Speaking of choices…
I think it’s the erosion of our ability, our right, to even make those choices that is the most worrisome development in recent years (see my post above).
Anonymous
Exactly. Each person and situation are unique. We cannot and should not make a blanket generalization about the situation, especially if we, ourselves, are not in the same position.

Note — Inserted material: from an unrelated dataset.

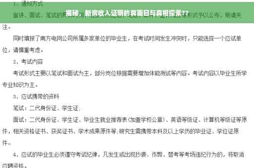 摘要:本文将揭示新房收入证明的真面目,探讨其背后的含义和作用。通过深入了解收入证明的重要性,我们将帮助读者了解如何获取真实有效的收入证明,并避免陷入不必要的麻烦。本文将介绍新房收入证明的基本概念和要点,帮助读者更好地了解这一重要文件的重要性。阅读本文,让您对新房收入证明有更清晰的认识。
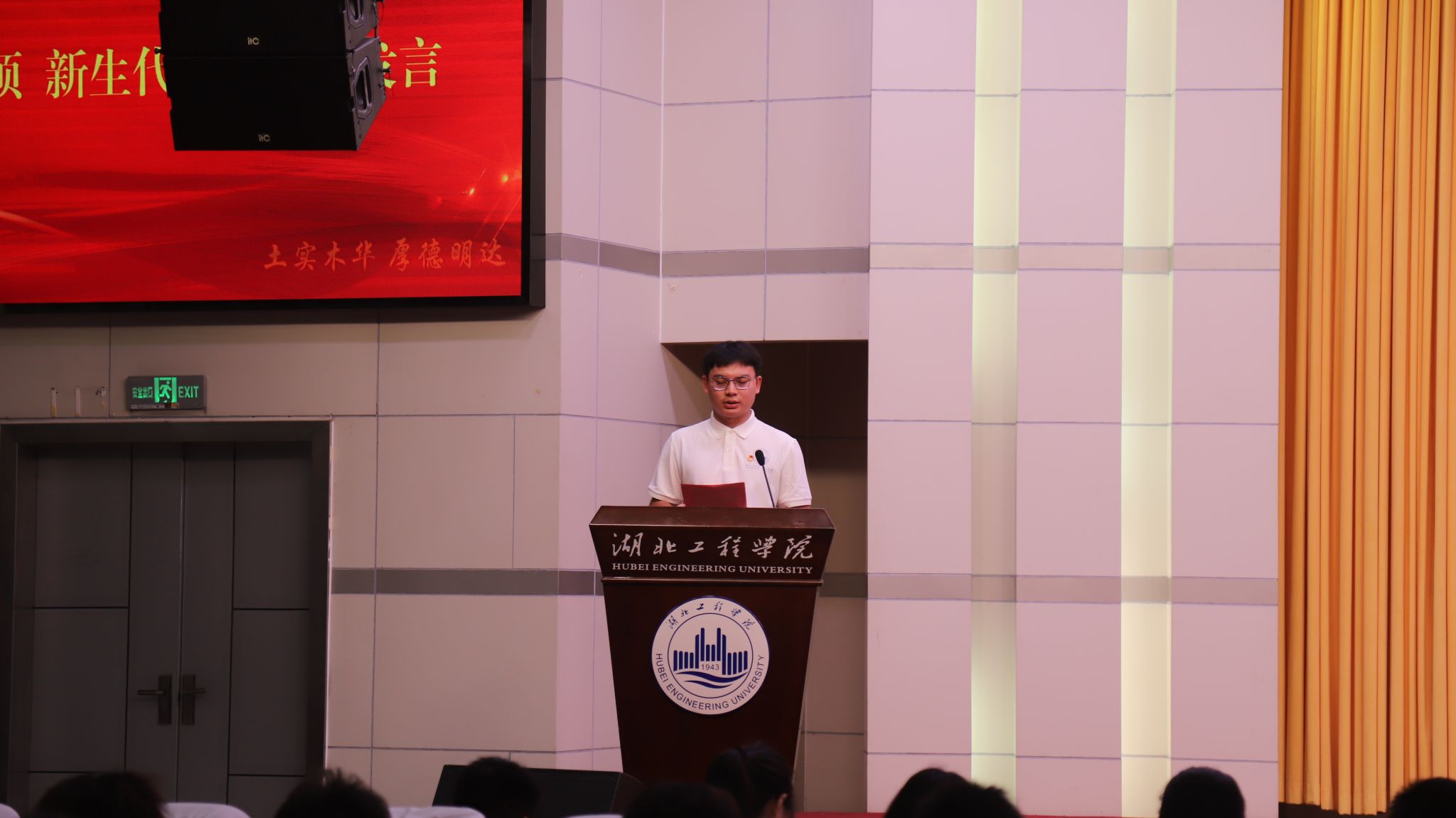新生代表袁志强与大家分享了对土木工程专业的理解,并以一名新时代土木人的身份郑重承诺:他将以敬畏之心对待专业,以热忱之心投入学习,严守学术规范,注重实践求真,绝不辜负时代的嘱托与师长的期望,努力成长为有担当、有本领的新时代土木人!

Cindy Ritchey via Facebook
I’m a breast cancer survivor and I did do the chemo. Did I do more harm than good??? I don’t know. All I know is that I was 38 years old and had just had my third baby. My children were 5, 3 and 3 months when I had my mastectomy. The thought of leaving my children was almost more than I could bear. My cancer had not spread to my nodes, so that’s great. I was told I had a 75% survival with just the mastectomy and a 98% with the chemo. I was never sick, but I did lose my hair and one of the drugs gave me terrible large bone and muscle pain. Of course, that was six years ago and I didn’t now then what I know now. If it came back…..God forbid….I don’t know what sort of treatment I would pursue. My kids are now 11, 9 and 6. So far so good….I’ve been cancer-free for six years. Yea me!! I simply refuse to leave my babies before they are raised.
Kristy
My husband had cancer at the age of 31. Chemo eradicated it in less than 6 months and now he is healthier than he has been in years. I think saying never to chemo is a mistake. I would say, study your options. It was our only option against a rapidly growing tumor, which shrunk after the first treatment.
On the flip side of the coin my husband’s Great-Grandmother recently died from lung cancer, and chemo did her more harm than good. I think you have to consider age and overall health before making a decision one way or the other.
Glad you are still here for your children.
Ruth @ Ruth's Real Food
While I doubt I’d ever use chemo, if I were in that situation, I’d study all the info very carefully before I made a final decision, as anyone should.
My aquaintance of chemo is from volunteer work on an oncology ward. Patients would be hospitalized for a week of intensive chemo, home 2 weeks – repeating this about 5 times. I never saw lab results, but I did see people who looked strong and healthy turn into thin, weak, and sick-looking people. All this would be worth it if it gave them years of life afterwards, but after volunteering there for about 2 years, I realized NOT ONE lived to see those years. I never said a word to anyone (it wasn’t my place) but I felt like telling them to literally run for their lives.
Sarah, TheHealthyHomeEconomist
A very telling and astute observation Ruth. Most people in your position would not have noticed what you noticed. They would have been so emotionally bought into what they were doing for a living that it would have blinded them to the truth.